Part C Inclusion Criteria:
Males or females of nonchildbearing potential, of any race, 18 to 60 years of age, inclusive, at Screening.
Females of nonchildbearing potential are defined as permanently sterile (ie, due to hysterectomy, bilateral salpingectomy, or bilateral oophorectomy) confirmed by history or postmenopausal (defined as at least 12 continuous months without menses and FSH ≥40 mIU/L and without an alternative medical cause).
- Body mass index ≥30.0 kg/m2, and body weight ≤115 kg at Screening.
- History of Fatty Liver Index (FLI) score >60, FLI score >60 at Screening, or documented history of fatty liver with imaging results (eg, standard positive ultrasound or Fibroscan controlled attenuation parameter (CAP) >300 decibels (dB)/m) indicating liver fat >10% within 6 months of Screening. A formal diagnosis of nonalcoholic fatty liver disease (NAFLD) is not required.
- Liver fat content ≥10% as determined by magnetic resonance imaging derived proton density fat fraction (MRI-PDFF) within 14 days prior to Check in. One repeat Baseline MRI-PDFF will be allowed if the first value is below 10%, but greater than or equal to 9.5%. The repeat MRI must be within 14 days of the first MRI, and enrollment must be within 14 days of the repeat MRI. The most current MRI will serve as the baseline. (When available, Fibroscan indicating a CAP >300 dB/m within 6 weeks prior to Check-in may be used as a pre-selection test prior to MRI being performed)
No history of common causes of secondary hepatic steatosis such as:
- Macrovesicular steatosis: excessive alcohol consumption, hepatitis C (genotype 3), Wilson's disease, lipodystrophy, starvation, parenteral nutrition, abetalipoproteinemia, medications (eg, amiodarone, methotrexate, tamoxifen, corticosteroids, or any drug known to affect hepatic steatosis or insulin resistance)
- Microvesicular steatosis: Reye's syndrome, medications (valproate, anti-retroviral medicines), acute fatty liver of pregnancy, HELLP syndrome, inborn errors of metabolism (eg, lecithin-cholesterol acyltransferase deficiency, cholesterol ester storage disease, Wolman disease, lysosomal acid lipase deficiency)

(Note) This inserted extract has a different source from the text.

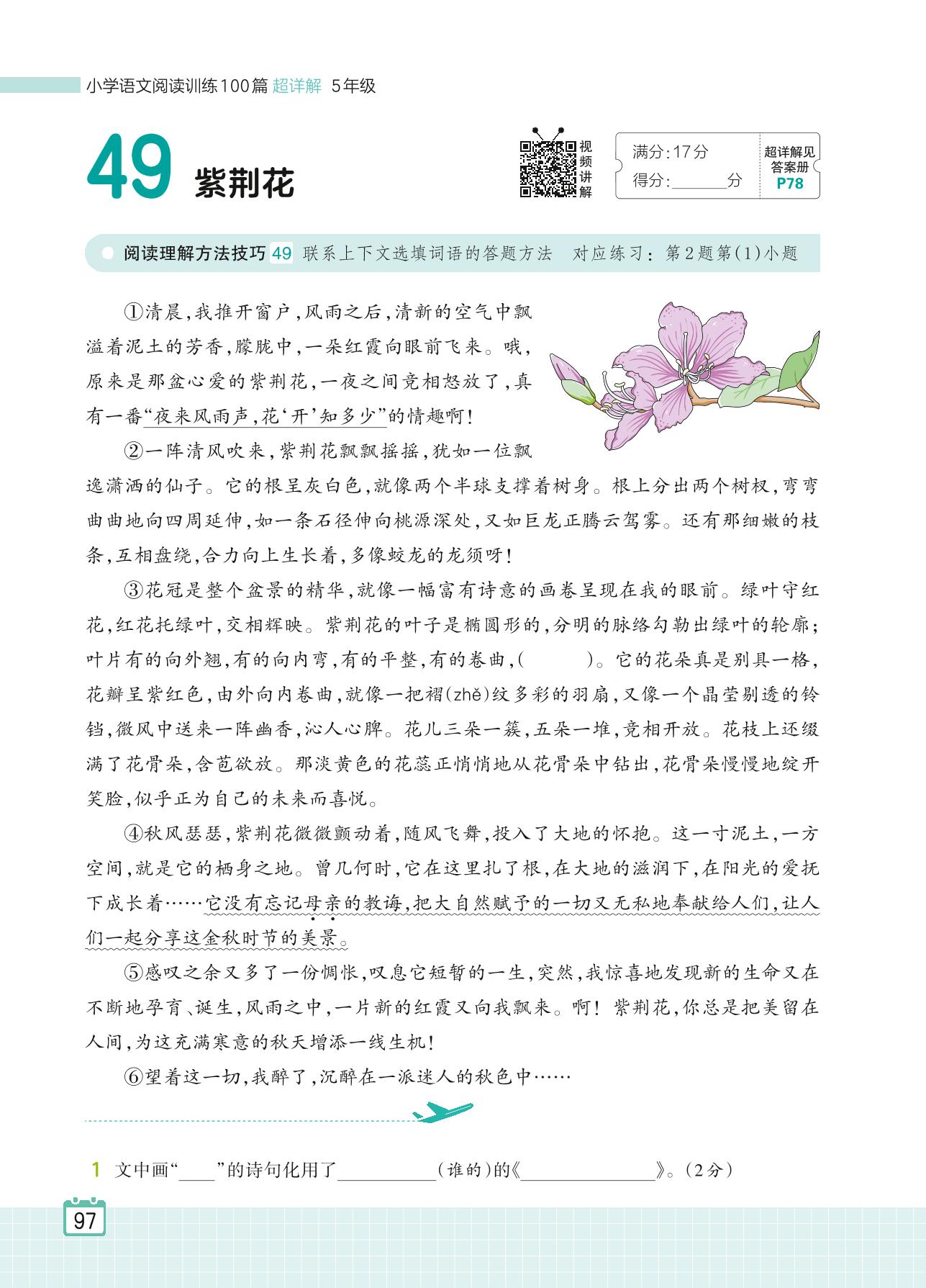 2024全一册五年级语文人教版 专题三 写景状物 49 紫荆花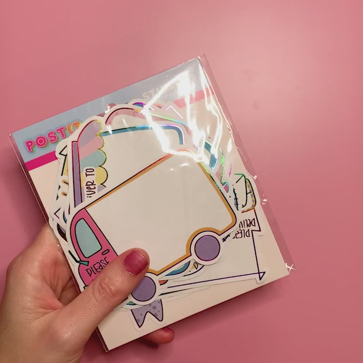 Make your happy mail shine with these vibrant rainbow foiled 'Please Deliver To' labels.

- Glycosylated hemoglobin A1c <7.0 % at Screening.
- Fasting blood glucose of ≥100 to <126 mg/dL at Screening.
- Serum triglyceride level ≤500 mg/dL at Screening
- Have international normalized ratio (INR) < upper limit of normal (ULN) and platelet count >150,000 at Screening and Check-in. For other abnormalities, the subject may be included only if the Investigator judges the abnormalities or deviations from normal to be not clinically significant.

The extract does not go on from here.